## Assignment
Drop all images. Then write out each line below exactly as given.

## Given data
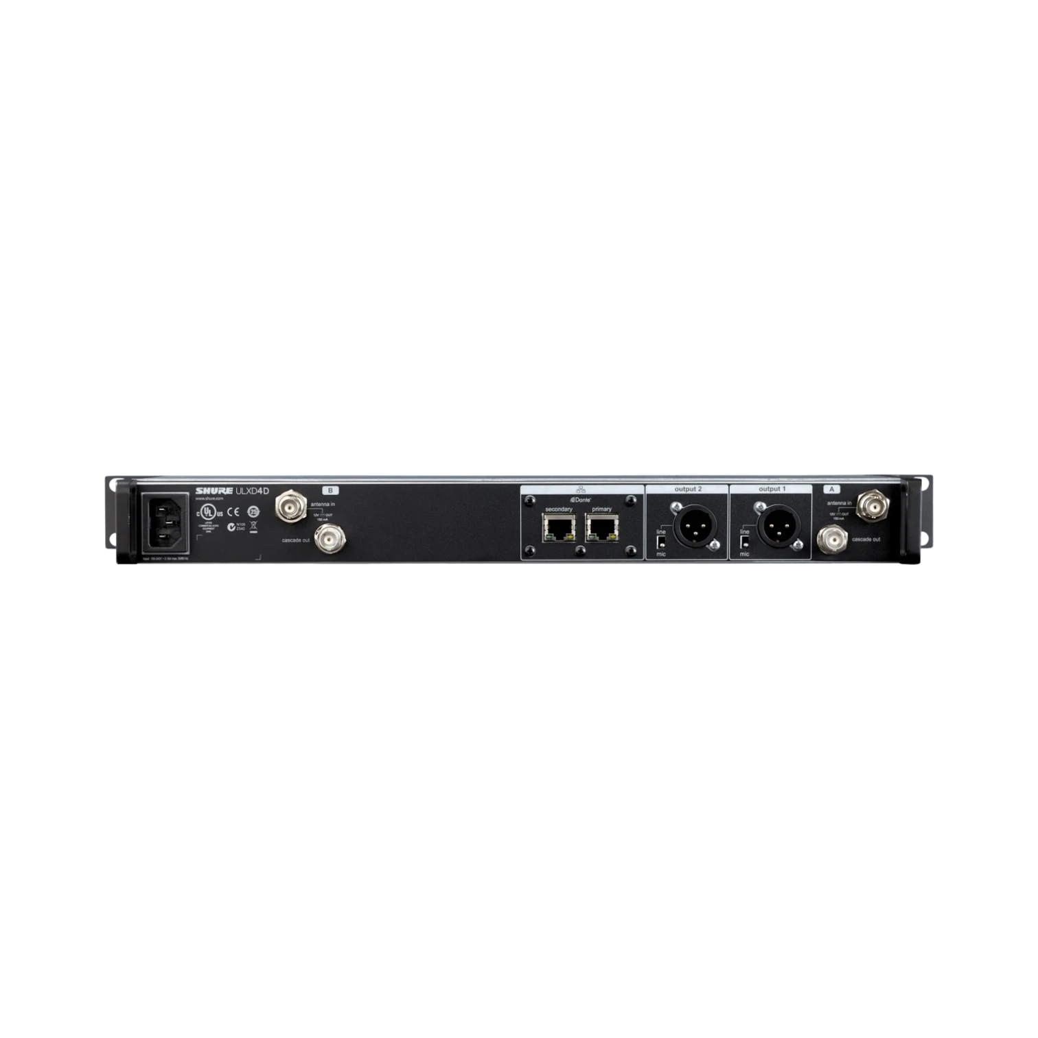 The ULXD4D=-J50A offers versatile connectivity options to fit into professional audio environments. Dual Ethernet ports support Dante networking, allowing digital audio to be routed efficiently across compatible systems. RF cascade ports enable antenna sharing between multiple receivers, which simplifies antenna management in large setups. This receiver works seamlessly with a wide range of Shure transmitters, making it adaptable to various wireless microphone configurations.
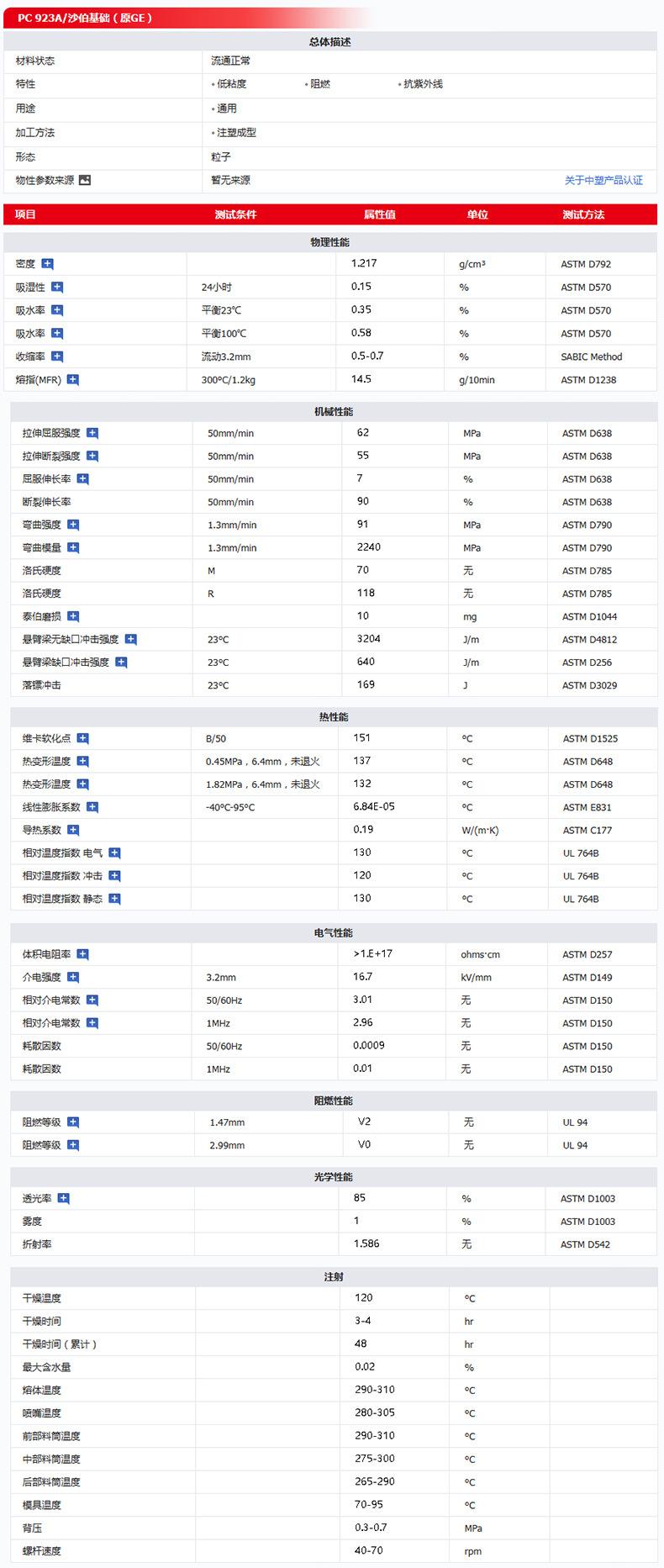 PC 923A/base de sable, baja viscosidad, grado retardante de llama, grado de moldeo por inyección general resistente a los rayos UV
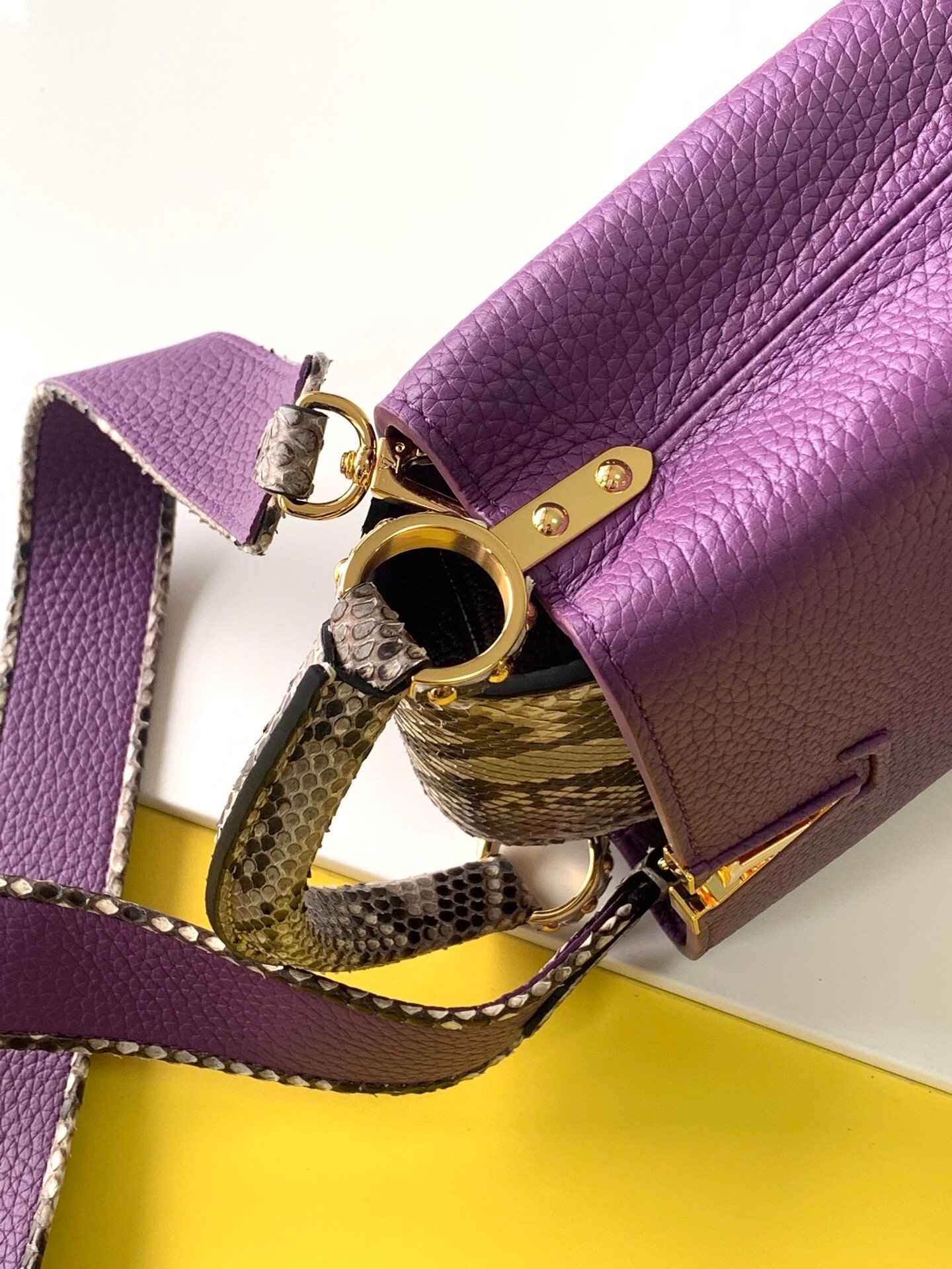 our deep purple handbag, beautifully designed with a detachable long strap and an eye-catching python-style handle flap. The rich purple tone stands out with confidence, making this piece perfect for fashion lovers who appreciate elegance with uniqueness.

## Result for this task
 The ULXD4D=-J50A offers versatile connectivity options to fit into professional audio environments. Dual Ethernet ports support Dante networking, allowing digital audio to be routed efficiently across compatible systems. RF cascade ports enable antenna sharing between multiple receivers, which simplifies antenna management in large setups. This receiver works seamlessly with a wide range of Shure transmitters, making it adaptable to various wireless microphone configurations.
 PC 923A/base de sable, baja viscosidad, grado retardante de llama, grado de moldeo por inyección general resistente a los rayos UV
 our deep purple handbag, beautifully designed with a detachable long strap and an eye-catching python-style handle flap. The rich purple tone stands out with confidence, making this piece perfect for fashion lovers who appreciate elegance with uniqueness.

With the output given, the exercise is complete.